▶ [What this task involves] Pictures are to be left out; every line from the one that holds "美元指數貼近92點,金價重回" to the end of the data is to be retyped exactly.

▶ [Material provided]
● ● ● ●

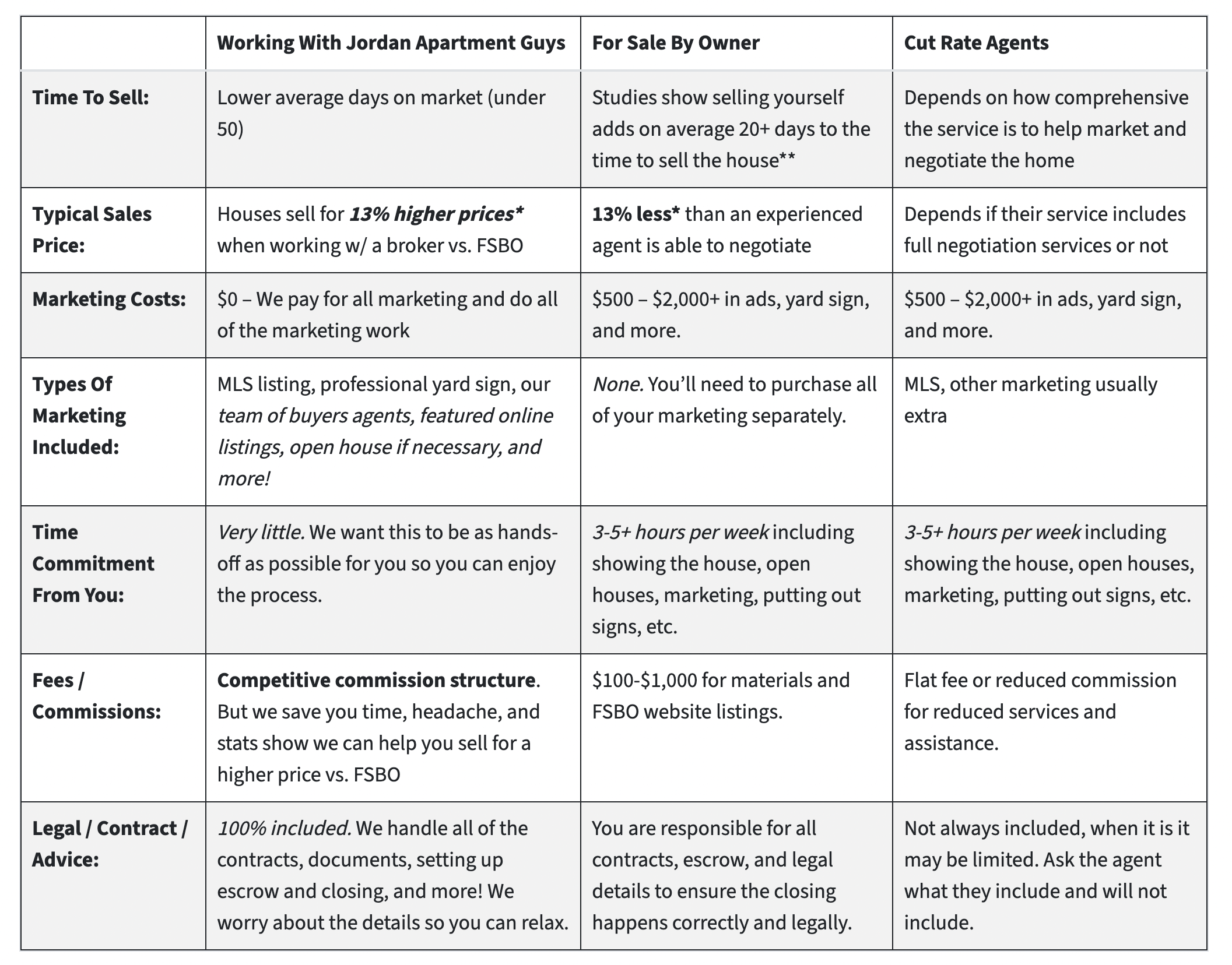 Even in a strong seller’s market, it’s smart to look at your options and see what will actually help you best reach your goals with the sale of your investment property. When it comes to selling apartments, multi-family properties, or co-ops, experience matters. Dive in and learn the differences when you work with Jordan Apartment Guys, try to sell on your own, or use a cut-rate limited service agent.
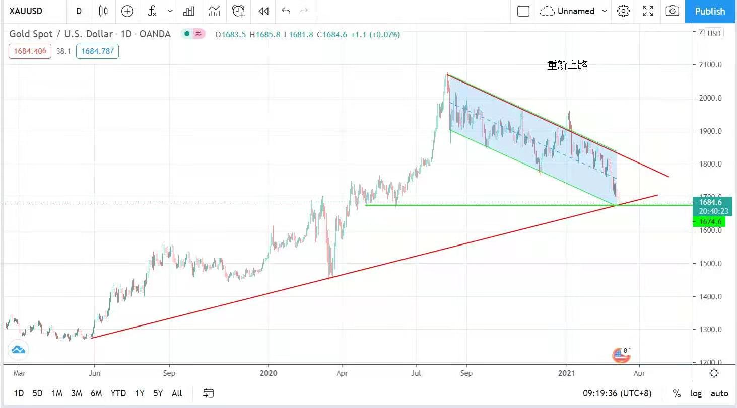 美元指數貼近92點,金價重回跌軌,最低見見每盎司1676美元,波幅達38美元,最終以每盎司1683美元收市,跌18美元。
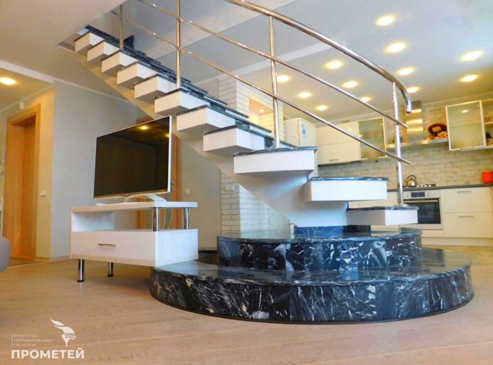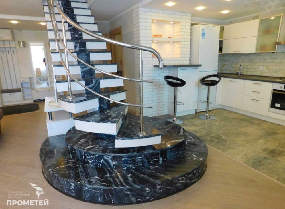 Однією з головних деталей у дизайні інтер'єру квартири є сходи з натурального мармуру.

● ● ● ●

▶ [Answer for this exercise]
 美元指數貼近92點,金價重回跌軌,最低見見每盎司1676美元,波幅達38美元,最終以每盎司1683美元收市,跌18美元。
 Однією з головних деталей у дизайні інтер'єру квартири є сходи з натурального мармуру.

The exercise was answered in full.